In conditions where top-down attentional control does not lead to strong alpha, we expect stimulation to produce neuronal entrainment at the population level (e.g., see Helfrich et al., 2014), driving strong alpha (i.e., when listeners are asked to attend to the left, and we stimulate in right parietal cortex). That is, we propose that stimulation capitalizes on the self-sustained and dynamic property inherent to oscillatory neurons by providing a periodic force to which the natural oscillation becomes synchronized.

In the case where top-down attention itself causes strong alpha in the parietal cortex that is stimulated, we are less sure about how stimulation will affect neural responses. In particular, past work suggests evidence that stimulation is less effective when intrinsic oscillatory power is high (as it should be in rIPS during rightward attention).
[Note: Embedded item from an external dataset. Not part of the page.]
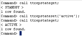call ttrepstart;b. ttRepStateGet組込みプロシージャを使用して、スタンバイ・キャッシュ・データベースがスタンバイ状態になっていることを確認します。 call ttrepstateget;
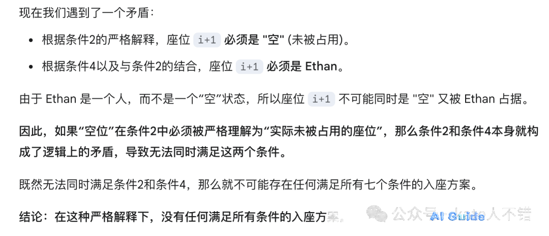 - Result: DeepSeek spent 10+ minutes transparently deriving (flawed) solutions. Gemini later concluded no valid solution exists under strict “vacant seat” interpretation—highlighting ambiguity in language understanding.

Moreover, there may be interactions between intrinsic alpha band oscillations and stimulation that depend on their relative phase. This initial study does not give us any direct evidence for how the stimulation interacts with intrinsic oscillations; any arguments we might make would be pure speculation and go beyond the scope of the study. Specifically, we did not measure EEG during the experiment — although that is something we hope to do in the future.

The Discussion subsection “Caveats and Future Work” now addresses all of these issues. For instance, we explain that we could not control stimulation timing to directly test how external stimulation interacts with intrinsic activity. We thus cannot determine how tACS alpha stimulation interacts with any intrinsic alpha-band neural oscillations. We note that future studies using real-time control of stimulation, including matching each individual’s measured alpha activity, and new methods for achieving more spatially precise stimulation, should be undertaken to address these important, open questions.

3) The paper does not reveal effects for the switching condition which indeed requires strong spatial attention. This is surprising and needs more explanation.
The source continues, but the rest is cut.